Timeseries of the radius of gyration computed for the whole protein.

(In principle, \(R_\mathrm{gyr}\) can indicate changes in conformation but the simulation time in our test trajectory is too short to reveal the large conformational transition that AdK can undergo [Beckstein2009].)

Footnotes

[1]

To plot in Python, make sure to not write xvg legend information to the output file (using the -xvg none flag)

echo Protein | \
    gmx gyrate -s ../../MD/md.tpr -f ../../MD/md.xtc -o gyrate.xvg -xvg none

so that you can easily read the data with numpy.loadtxt():

import matplotlib.pyplot as plt
import numpy

t,data,x,y,z = numpy.loadtxt("gyrate.xvg", unpack=True)

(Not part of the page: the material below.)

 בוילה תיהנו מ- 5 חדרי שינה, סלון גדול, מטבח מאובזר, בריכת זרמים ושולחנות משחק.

fig = plt.figure(figsize=(5,2.5))
ax = fig.add_subplot(111)
fig.subplots_adjust(bottom=0.2)

ax.fill_between(t,data, color="magenta", linestyle="-", alpha=0.1)
ax.plot(t,data, color="magenta", linestyle="-")

ax.set_xlabel("time $t$ (ps)")
ax.set_ylabel(r"protein $R_\mathrm{gyr}$ (nm)")

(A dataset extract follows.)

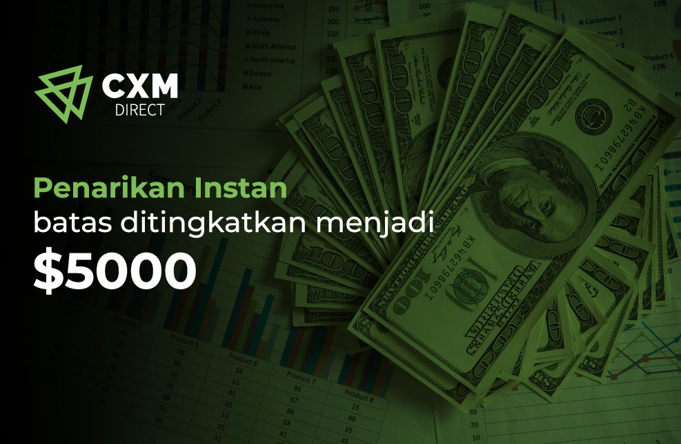 CXM Direct, broker yang handal, baru-baru ini mengumumkan peningkatan batas Penarikan Instan menjadi $5000 per hari. Penarikan Instan, fitur yang memungkinkan klien untuk menarik dana secara instan dari akun trading mereka, sebelumnya dibatasi hingga $1000. Batasnya sekarang telah berubah. Klien sekarang dapat menarik uang mereka dengan batas yang lebih tinggi hingga $5000 per hari.

fig.savefig("rgyr.png", dpi=300)
fig.savefig("rgyr.svg")
fig.savefig("rgyr.pdf")

More Gromacs tools

A number of interesting quantities and observables [1] can be calculated with Gromacs tools. A selection is shown below but you are encouraged to read the Gromacs manual and the Gromacs documentation to find out what else is available.

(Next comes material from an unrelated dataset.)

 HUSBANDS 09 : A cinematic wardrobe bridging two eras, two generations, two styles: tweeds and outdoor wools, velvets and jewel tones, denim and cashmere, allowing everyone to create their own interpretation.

Selection of Gromacs analysis tools

The full list of Gromacs commands contains 98 different tools. A small selection of commonly used ones are shown here:

gmx energy
basic thermodynamic properties of the system
gmx rms
calculate the root mean square deviation from a reference structure
gmx rmsf
calculate the per-residue root mean square fluctuations
gmx gyrate
calculate the radius of gyration
gmx mindist and gmx distance
calculate the distance between atoms or groups of atoms (make a index file with gmx make_ndx to define the groups of interest). gmx mindist is especially useful to find water molecules close to a region of interest.
gmx do_dssp
Use the DSSP algorithm [Kabsch1983] to analyze the secondary structure (helices, sheets, …).

See also

  • For analysis coupled with visualization look at VMD.
  • For analyzing MD trajectories in many common formats (including the XTC, TRR, etc. used by Gromacs) using Python, have a look at the MDAnalysis Python library (the MDAnalysis Tutorial is a good place to start… and it also uses AdK as an example).

Footnotes

[1]“Observable” is used in the widest sense in that we know an estimator function of all or a subset of the system’s phase space coordinates that is averaged to provide a quantity of interest. In many cases it requires considerable more work to connect such an “observable” to a true experimental observable that is measured in an experiment.

References

[Kabsch1983]Kabsch W, Sander C. Dictionary of protein secondary structure: pattern recognition of hydrogen-bonded and geometrical features. Biopolymers. 1983 22 2577-2637. doi: 10.1002/bip.360221211
[Willis1975]Willis & Pryor, Thermal vibrations in crystallography, Cambridge Univ. Press, 1975
[Henzler-Wildman2007]K. A. Henzler-Wildman, V. Thai, M. Lei, M. Ott, M. Wolf-Watz, T. Fenn, E. Pozharski, M. A. Wilson, G. A. Petsko, M. Karplus, C. G. Hübner, and D. Kern. Intrinsic motions along an enzymatic reaction trajectory. Nature, 450:838–844, Dec 2007. doi: 10.1038/nature06410
[Beckstein2009]O. Beckstein, E. J. Denning, J. R. Perilla, and T. B. Woolf. Zipping and unzipping of adenylate kinase: Atomistic insights into the ensemble of open/closed transitions. J. Mol. Biol., 394(1):160–176, 2009. doi: 10.1016/j.jmb.2009.09.009.